WORK REQUEST:
Transcribe exactly, and only, the lines running from the one with "Details: Bequeme marineblaue" to the end of the entries below, both included, without any pictures.
═══ GIVEN RECORDS ═══
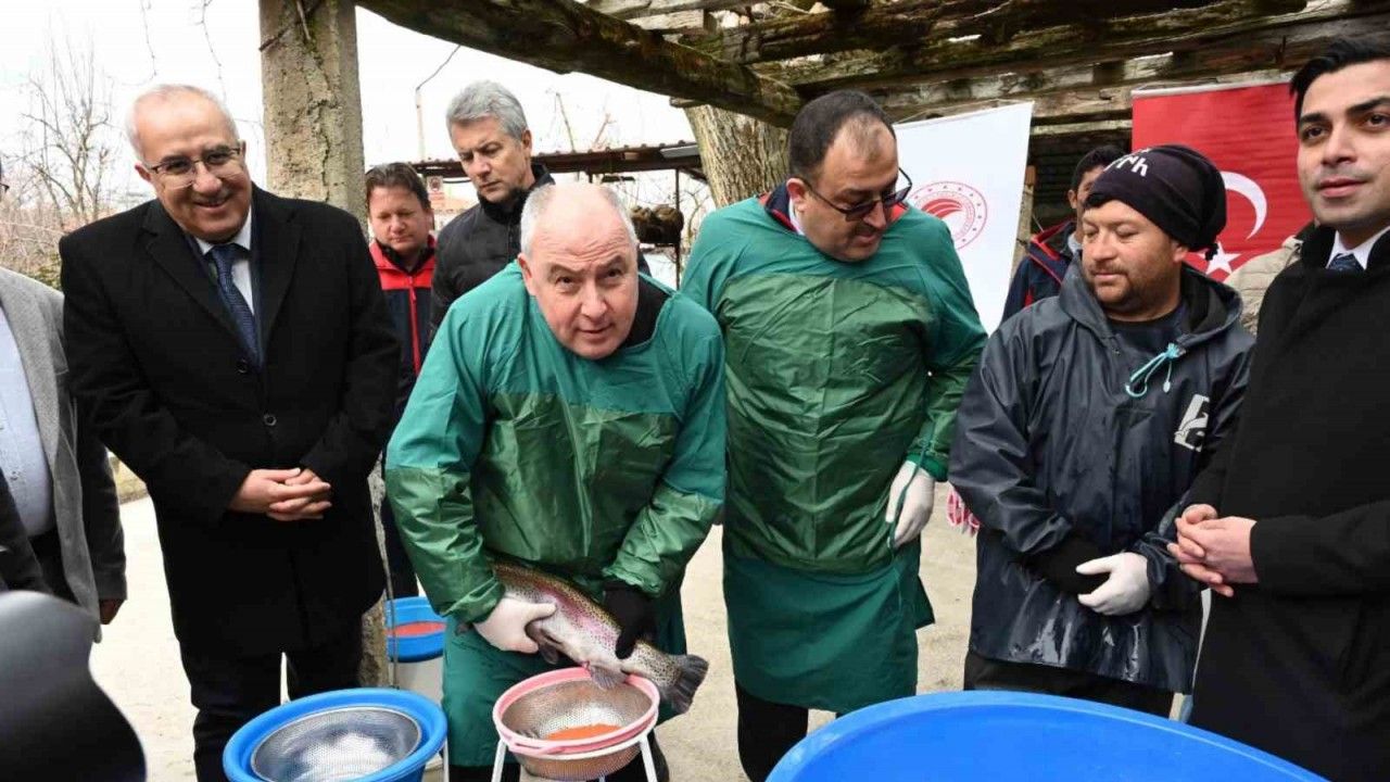 Denizli Valisi Ömer Faruk Coşkun, Çameli ilçesindeki alabalık üretim tesislerini ziyaret ederek balık yumurtası sağımı gerçekleştirdi.
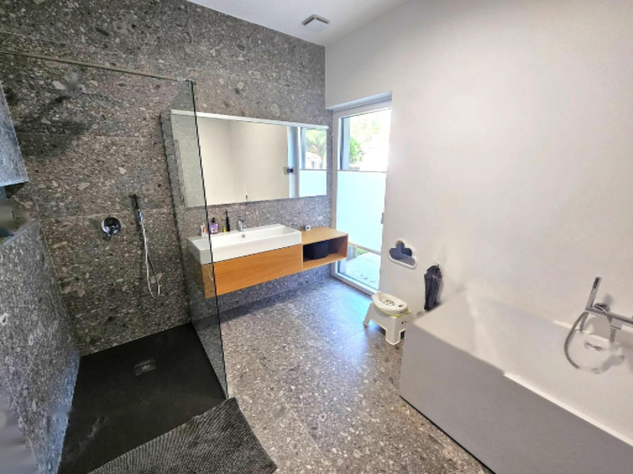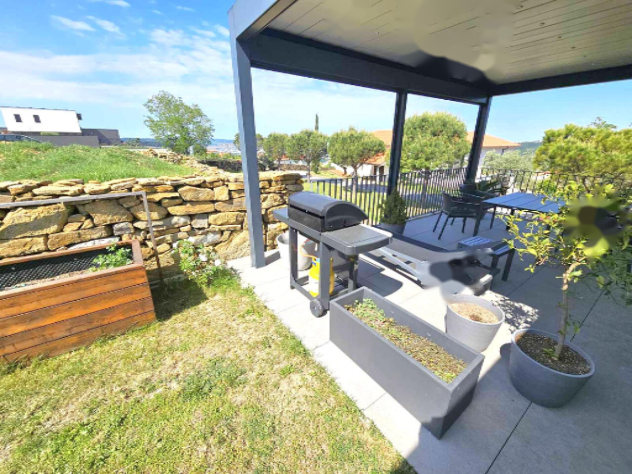 Парковка предлагается как на четыре автомобиля, включая одно парковочное место в гараже. Окружение дома ухоженное и огороженное, что добавляет чувство безопасности. Удобное расположение предоставляет лёгкий доступ к автостраде, Италии и важным объектам инфраструктуры. Дом близко расположен к детскому саду, школе, зонам отдыха и природе, что делает его особенно удобным для семей и пожилых людей.
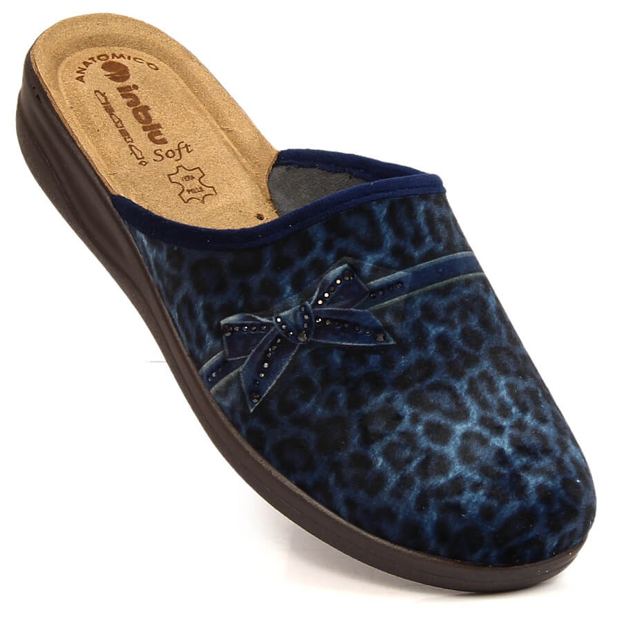Details: Bequeme marineblaue Inblu-Hausschuhe für Damen mit Leopardenmuster navy blau
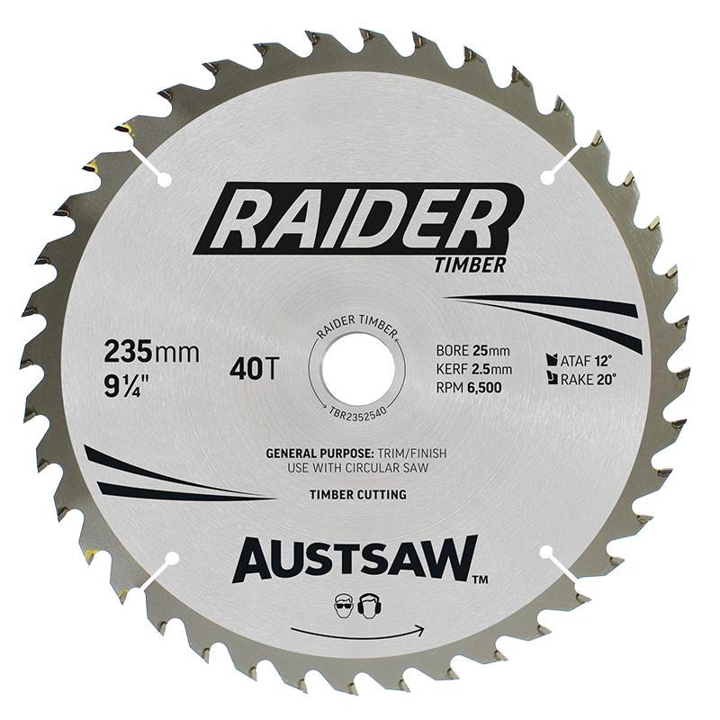 Austsaw Raider Timber Blade 235mm x 25 Bore x 40 T Thin Kerf
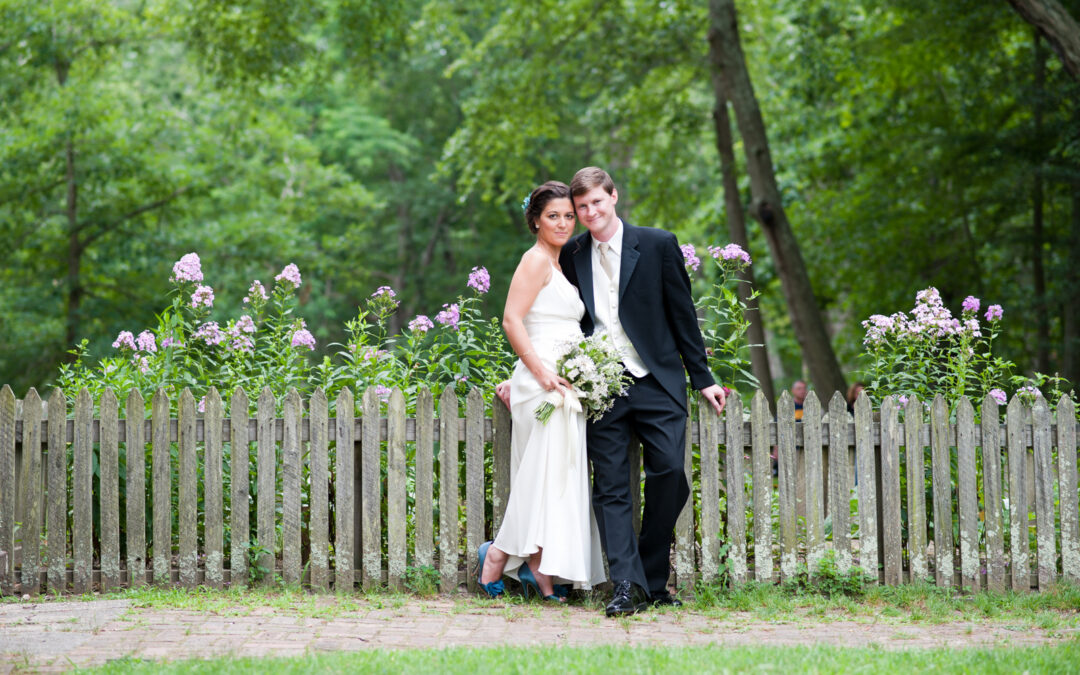 bride and groom in park by fence and flowers allaire park village
═══
WRITTEN ANSWER:
Details: Bequeme marineblaue Inblu-Hausschuhe für Damen mit Leopardenmuster navy blau
 Austsaw Raider Timber Blade 235mm x 25 Bore x 40 T Thin Kerf
 bride and groom in park by fence and flowers allaire park village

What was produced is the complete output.